╭─ DATASET EXCERPT

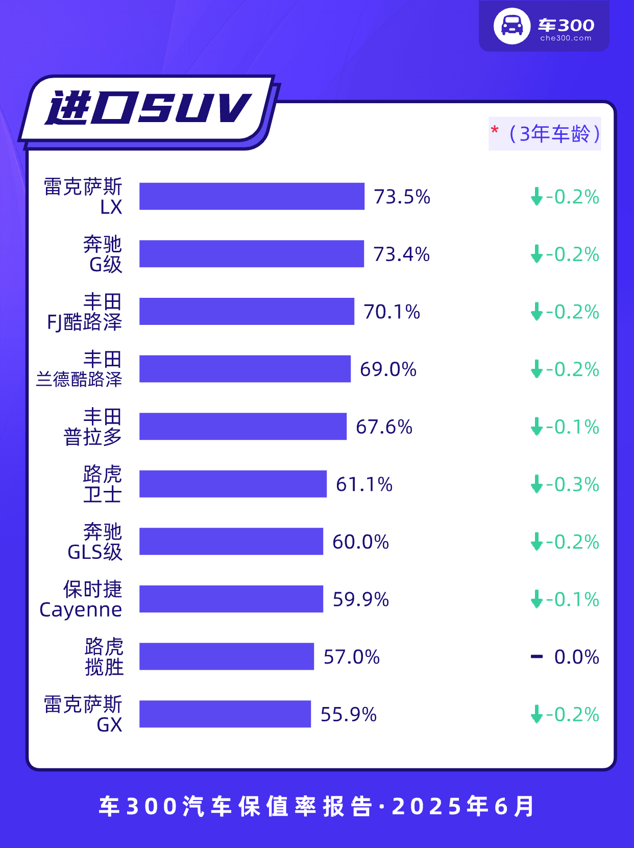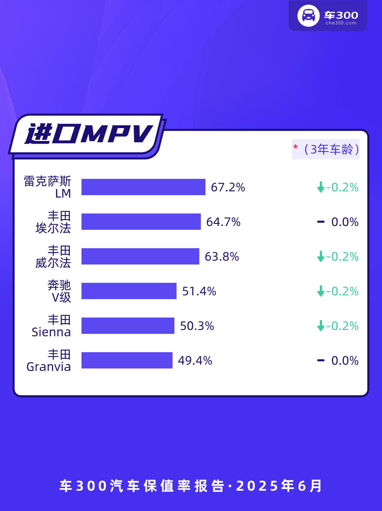 中型SUV保值率整体小幅下滑,市场需求较为稳定,皇冠陆放(56.7%)稳居榜首。中大型SUV普拉多(70.5%)与进口SUV雷克萨斯LX(73.5%)凭越野稀缺性筑高壁垒,但中西部山区偏好燃油,东部平原倾向电动,区域需求分化加剧。农民工回流进一步强化“北强南弱”格局。
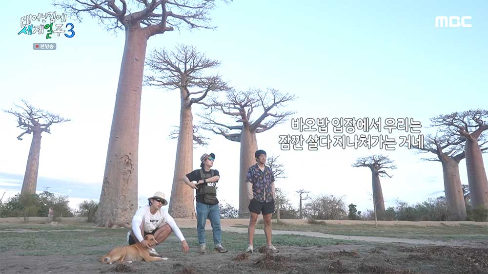 바오밥 애비뉴 근처에서 캠핑을 마친 기안84, 덱스, 빠니보틀은 동이 트기 전
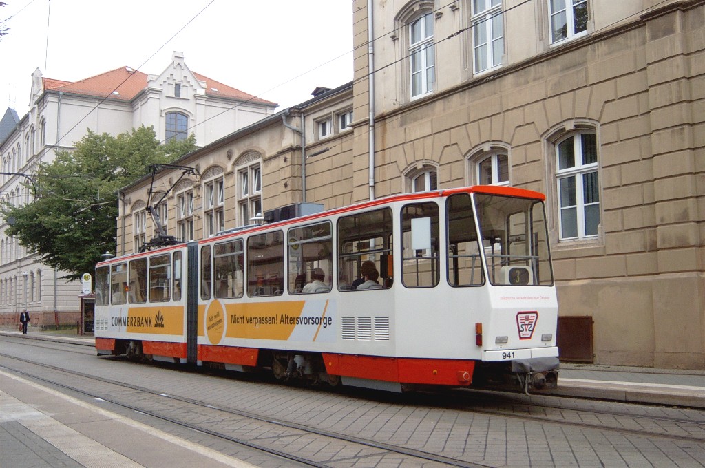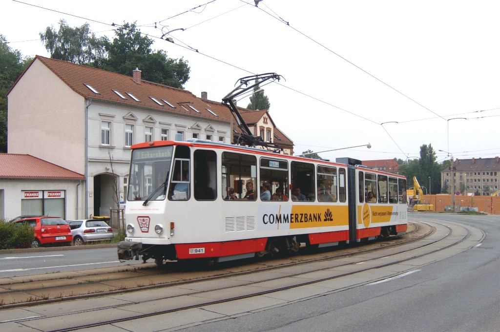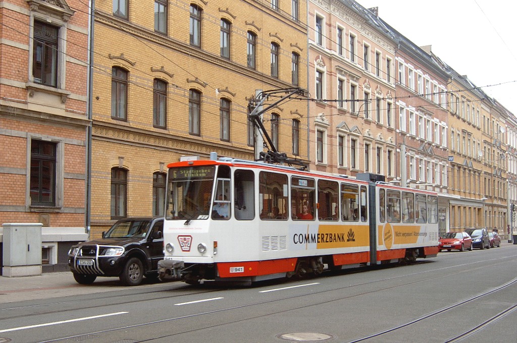 Tw 941 befährt die Scheffelstraße zwischen Talstraße und Westsächsischer Hochschule. |
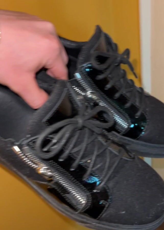 A hand wearing a gold bracelet is shown holding a pair of black sneakers

╰─

ACTIVITY →
Every line above must appear in the answer unchanged, and no picture may appear in it.

RESULT OF THIS EXERCISE →
 中型SUV保值率整体小幅下滑,市场需求较为稳定,皇冠陆放(56.7%)稳居榜首。中大型SUV普拉多(70.5%)与进口SUV雷克萨斯LX(73.5%)凭越野稀缺性筑高壁垒,但中西部山区偏好燃油,东部平原倾向电动,区域需求分化加剧。农民工回流进一步强化“北强南弱”格局。
 바오밥 애비뉴 근처에서 캠핑을 마친 기안84, 덱스, 빠니보틀은 동이 트기 전
 Tw 941 befährt die Scheffelstraße zwischen Talstraße und Westsächsischer Hochschule. |
 A hand wearing a gold bracelet is shown holding a pair of black sneakers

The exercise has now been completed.